If you are comparing two algorithms, they should be plotted on the same graph (otherwise, it is difficult to compare them).
- Make sure to use different colors or symbols to differentiate between the two algorithms.
- You should also include a legend to indicate which color/symbol corresponds to which algorithm.
You may need to experiment with the -t flag in order to obtain clean and consistent experimental results. The time it takes for each individual sort can be influenced by a number of unpredictable factors, such as the particular sequence of items being sorted or other processes running on the computer. By increasing the number of trials, you can average over many sorts to reduce noise and produce a more stable performance estimate.
If you observe unusual or inconsistent timing results on Windows, try running your profiling on the lab computers instead. Some versions of Microsoft Windows do not provide the high-resolution timer accuracy required for this project.

Submission

Submit the following five files through Gradescope:

MergeSortImproved.java
IntrospectiveSort.java
SortAnalysis.pdf - The document containing your analysis

Test your code locally at each stage of development, and reason about its correctness. When you are reasonably confident in your solution, submit your code to Gradescope to run the autograder's unit tests.

Grading

Gradescope Tests for Improved Merge	2 points
Gradescope Tests for Switching Strategies	2 points
Gradescope Tests for Introspective Sort	2 points
Experimental Results Document	3 points
Gradescope Style Checks	1 points

The grading of your evaluation document will be based on the quality of the figures as well as the clarity of your writing.

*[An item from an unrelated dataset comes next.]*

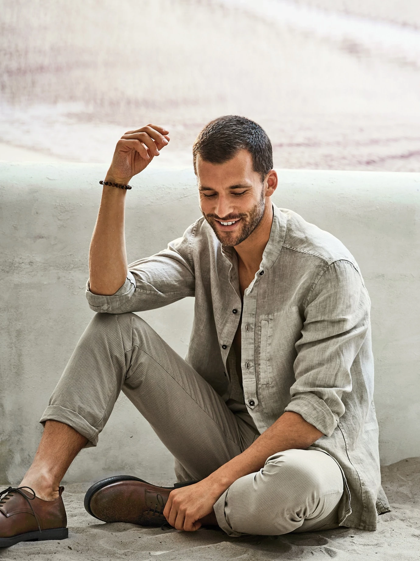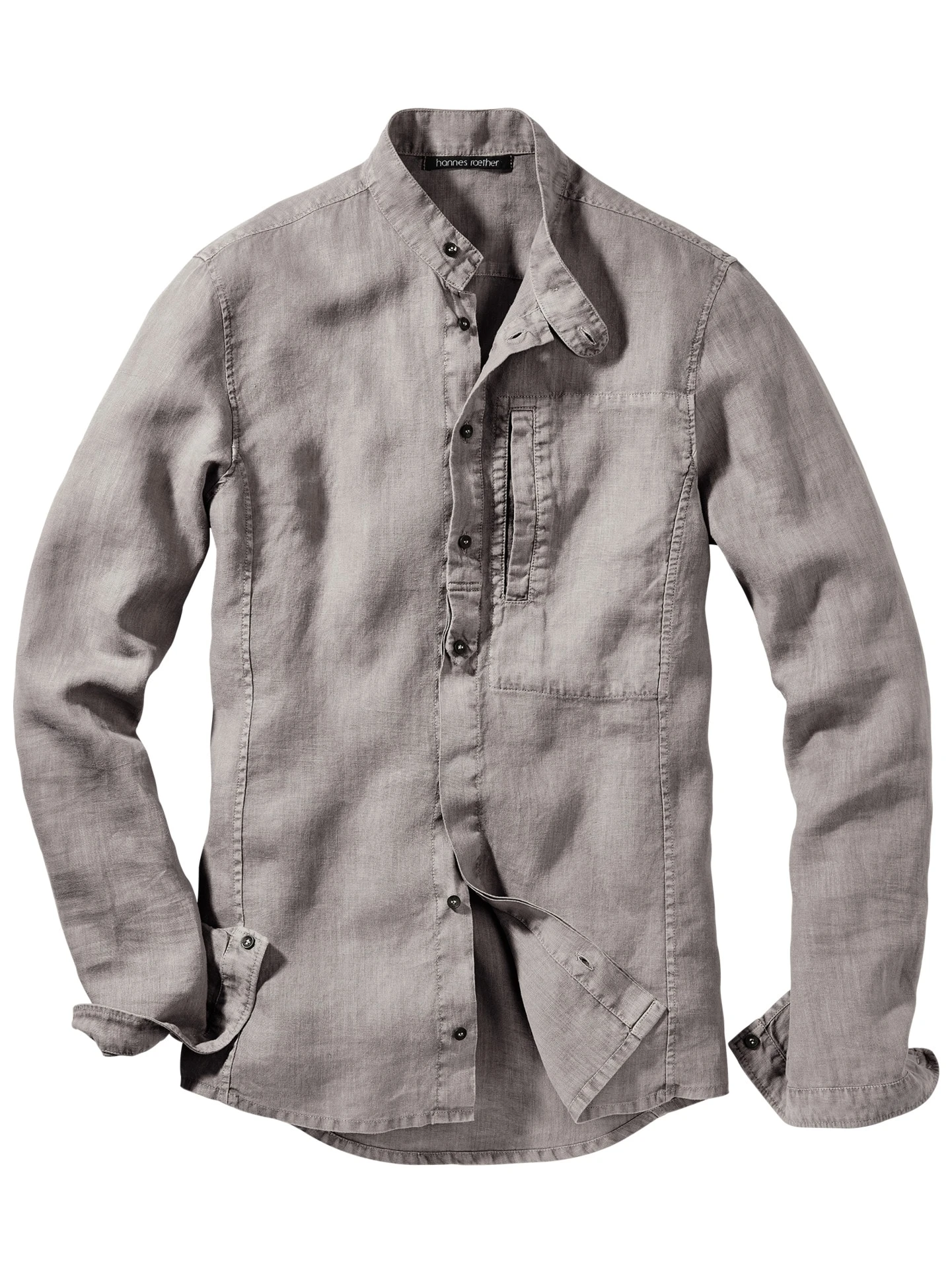 Leinenhemd mit Arbeiterästhetik. In diesem Shirt hat hannes roether gekonnt die Ursprünge des einstigen Arbeiterhemdes verarbeitet. Naturbelassene, dreckige Farbe, lässige, gewaschene Optik mit sanft kräuselnden Nähten und gelebten, typischen Leinenknittern. Das Material: luftig, unempfindlich, trockener Griff. Dazu ein mehr als unübliches und deshalb so gutes Design: Stehkragen mit Riegel, seitliche Brusttasche, halb verdeckte Knopfleiste (hat etwas von einem Henley-Shirt).

^*The second approach has recently become popular. Both Python (starting in version 2.3) and Java (starting in version 7) use Timsort as their default sorting algorithm. Timsort is a modified version of merge sort that includes several enhancements: it uses a more space-efficient merge operation, it takes advantage of partially sorted arrays by finding and merging existing sorted regions, and it uses a non-recursive binary insertion sort to handle short unsorted regions.